### EXERCISE DIRECTIONS
In the data below, begin at the line with "Uma questão do" and stop after the line with "从上到下依次是小篆、甲骨文、金文、古玺及战国文字、缪篆及汉代文字、鸟虫篆。"; output those lines exactly and no pictures.

### DATASET RECORDS
====

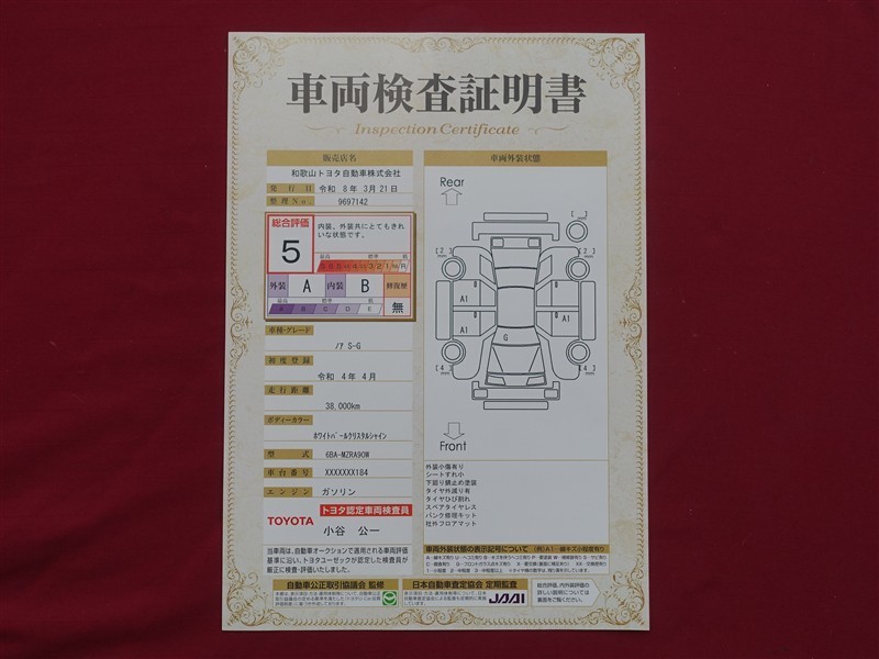 日本自動車査定協会の監査確認証付きです。ご安心してご検討下さい。
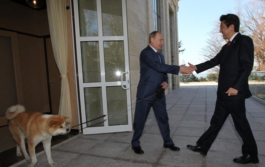 2012年7月訪俄時送給普京的禮物是一只秋田犬,名字意思是“夢”,送的時候3個月大,現在已快兩歲。普京在迎接安倍時專門帶上它同安倍重會。俄羅斯媒體報道,見到Yume后,安倍用俄語說了一句“好狗”,普京回答說:“但它有時候也咬人。” 網友周龍然說 用狗迎接安倍真的恰當不過【普京牽著寵物狗會見安倍】 謝鑫少年本格推理 牽著狗……好吧,老普你贏了……【普京牽著寵物狗會見安倍】
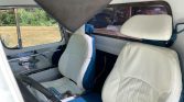 The cabin features seating upholstered in white leather with blue seat trim and a center console. Equipment includes a body-colored dash and door panels with chrome accents, air conditioning, blue carpets, seatbelts, aftermarket speakers, a Blaupunkt AM/FM cassette stereo, and a tilt steering column.
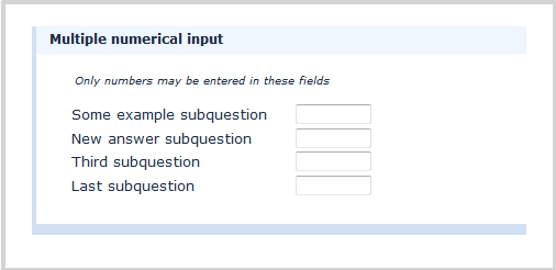 Uma questão do tipo “Equação” é usada em conjunto com outros tipos de questão (em geral, numéricas) para exibir a resposta de uma equação previamente definida pelo administrador do questionário com base nesses outros valores informados pelo usuário. A sintaxe das equações segue as regras do Expression Manager (EM). A seguir, acompanhe um exemplo ilustrativo para compreender o uso desse tipo de questão.
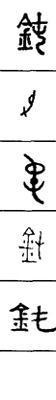 从上到下依次是小篆、甲骨文、金文、古玺及战国文字、缪篆及汉代文字、鸟虫篆。
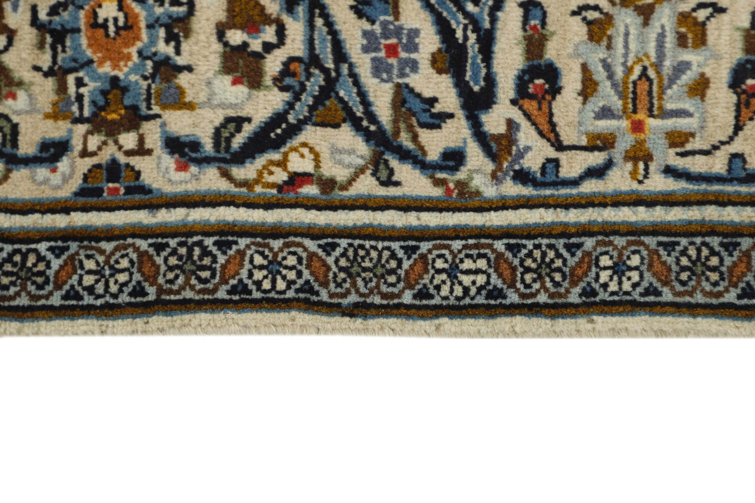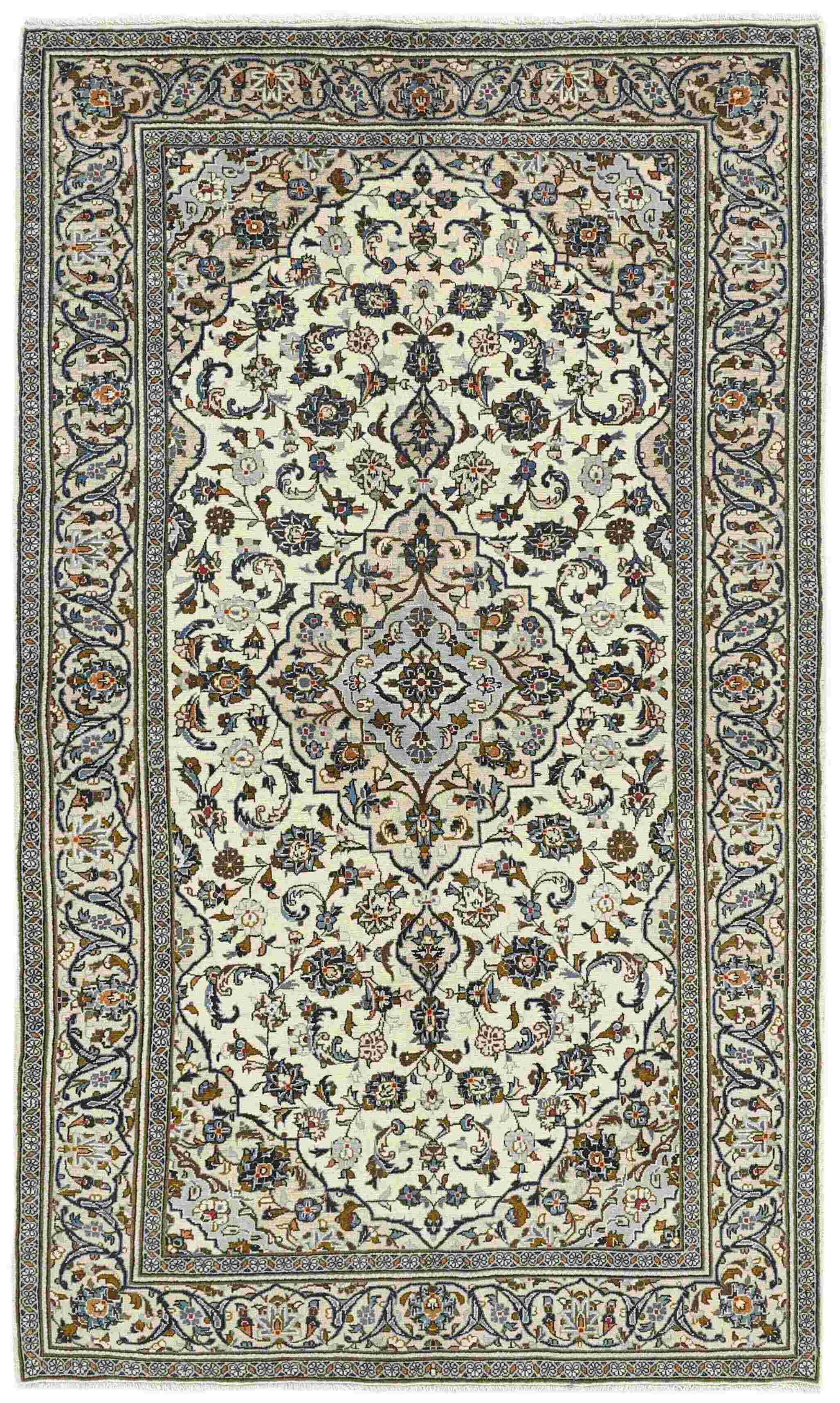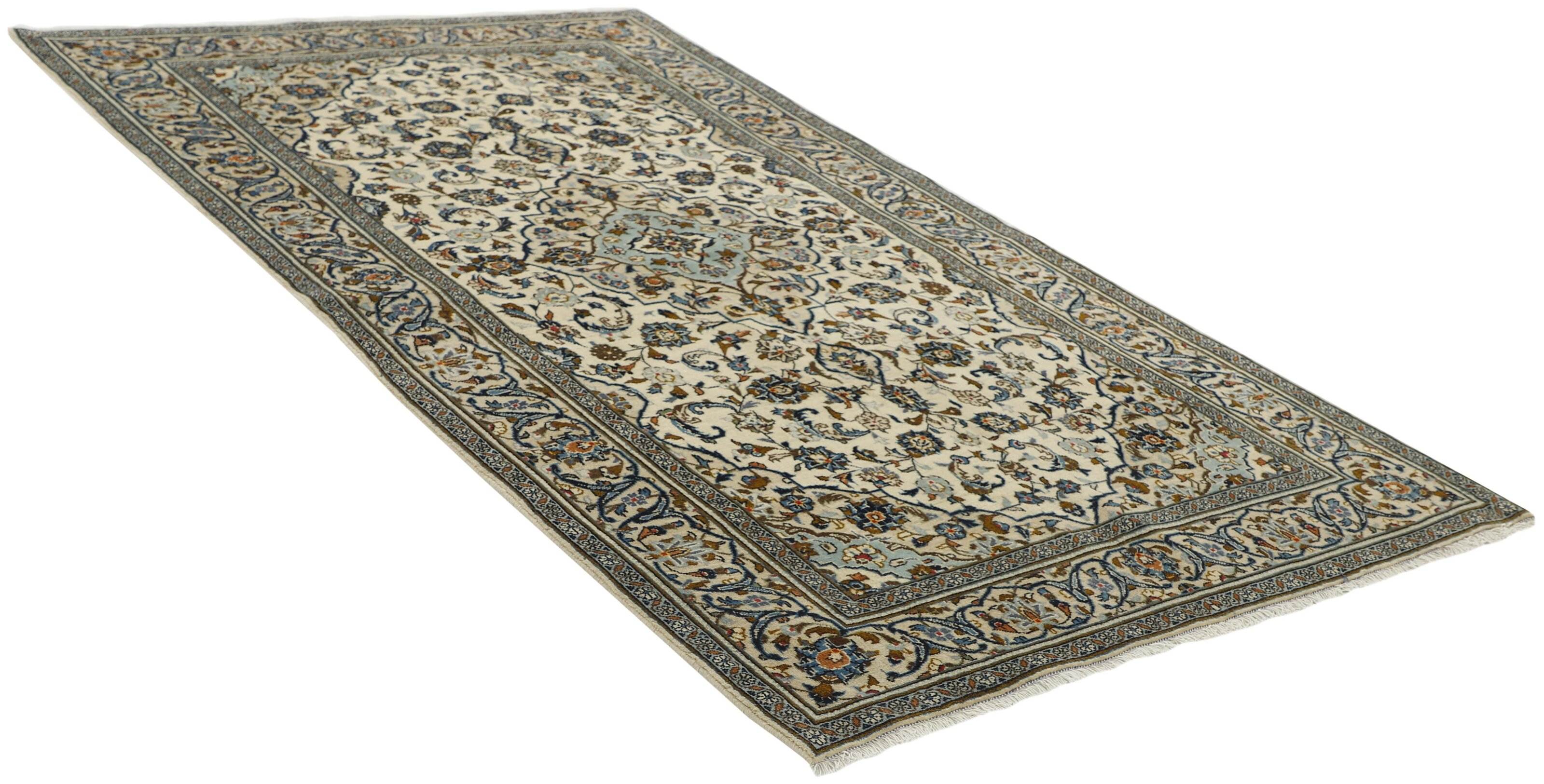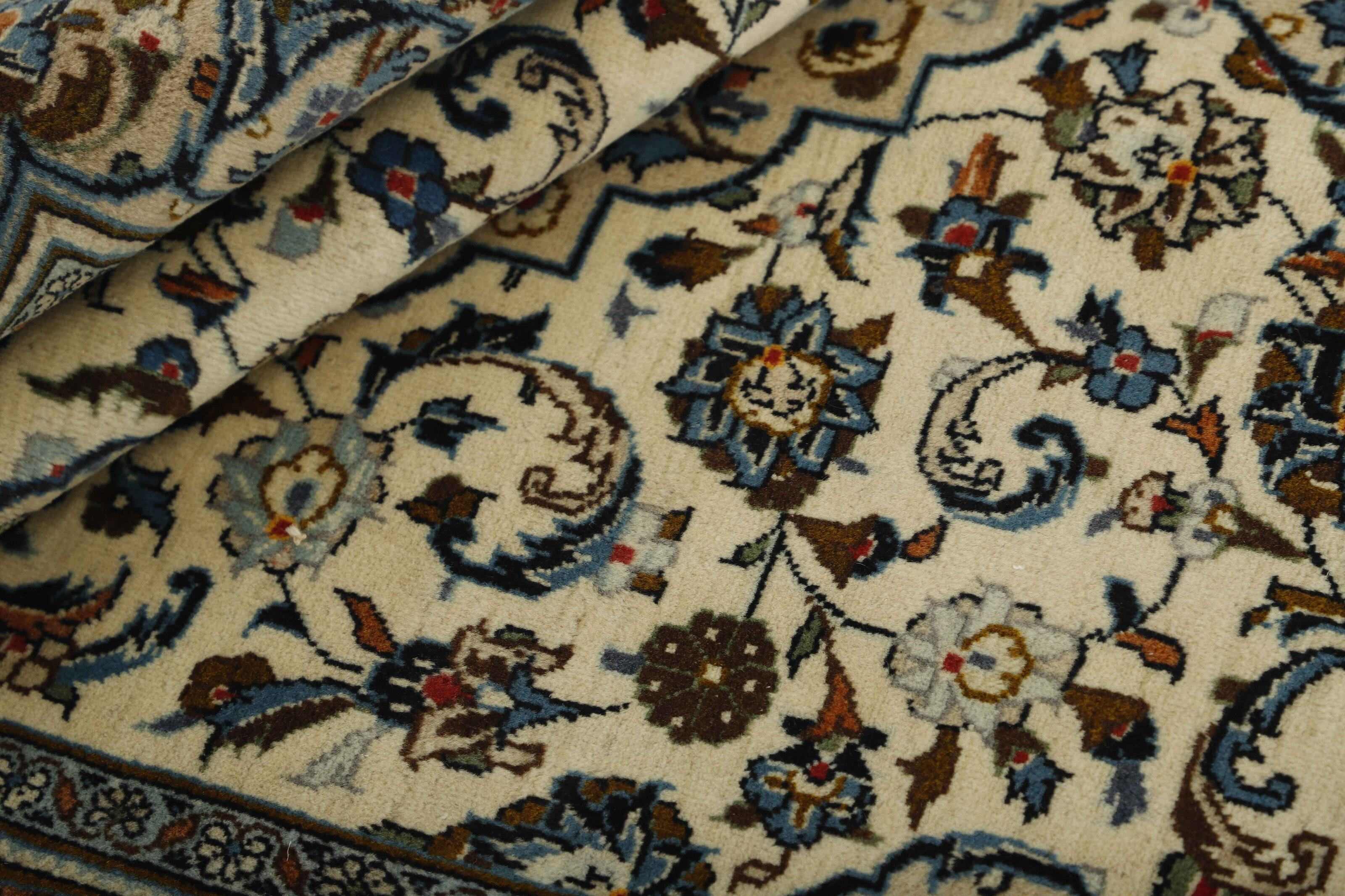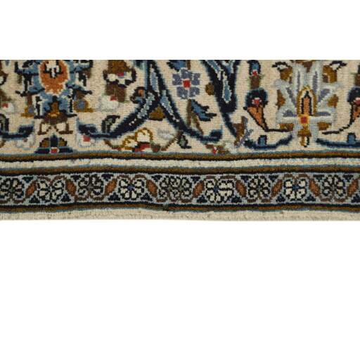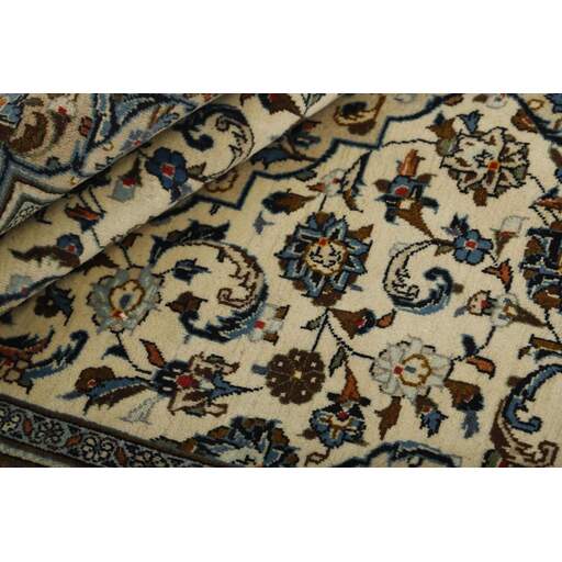 Keshan a toujours été célèbre pour son artisanat. Les villages se situent sur la route principale entre Ghom et Ispahan, dans le centre de l'Iran. À l'est, la région borde le plus grand désert d'Iran. Malgré le déclin de cet artisanat particulier au cours du XXe siècle, de nombreux tapis Keshan magnifiques sont toujours fabriqués conformément aux traditions des anciens maîtres, par exemple décorés de magnifiques motifs en médaillon ou de tapisseries représentant des motifs humains et animaux. Les motifs sont le plus souvent tissés autour d'un médaillon au centre du tapis, dont certains se répètent dans les coins. Les autres champs sont densément décorés de fleurs et de vignes réalistes. La bordure principale présente souvent le motif « Herati » (une feuille arquée), tandis que les bordures secondaires présentent des rosettes. Le rouge brique et le bleu foncé sont les couleurs de base les plus courantes. Keshan est une ville d'environ 300 000 habitants, située dans la province d'Ispahan, dans le centre de l'Iran. Elle est plutôt basse et il fait très chaud en été. Traditionnellement, les gens ont cherché à remédier à ce problème en construisant les maisons dans le sol. Keshan produit des tapis en laine et en soie. Les premiers ont une chaîne et une trame en coton, la trame étant bleue. Plusieurs qualités sont produites, mais la plupart des tapis Keshan sont très finement noués et entièrement couvrants. La forme d'un médaillon Keshan est assez particulière ; elle est faite d'une alternance de lignes courbes et d'angles droits. Les couleurs les plus courantes sont un champ rouge et un médaillon bleu, avec des détails secondaires dans d'autres couleurs. Les garnitures d'un tapis Keshan sont également spéciales ; la garniture principale est normalement entourée de rayures qui forment un motif géométrique, généralement de petits triangles bleus et rouges. Les tapis Keshan existent dans toutes les tailles. La ville de Natanez, au sud-est du pays, a donné son nom à des tapis d'image réalisés avec le même nouage que les Keshan.

====

### TASK ANSWER
 Uma questão do tipo “Equação” é usada em conjunto com outros tipos de questão (em geral, numéricas) para exibir a resposta de uma equação previamente definida pelo administrador do questionário com base nesses outros valores informados pelo usuário. A sintaxe das equações segue as regras do Expression Manager (EM). A seguir, acompanhe um exemplo ilustrativo para compreender o uso desse tipo de questão.
 从上到下依次是小篆、甲骨文、金文、古玺及战国文字、缪篆及汉代文字、鸟虫篆。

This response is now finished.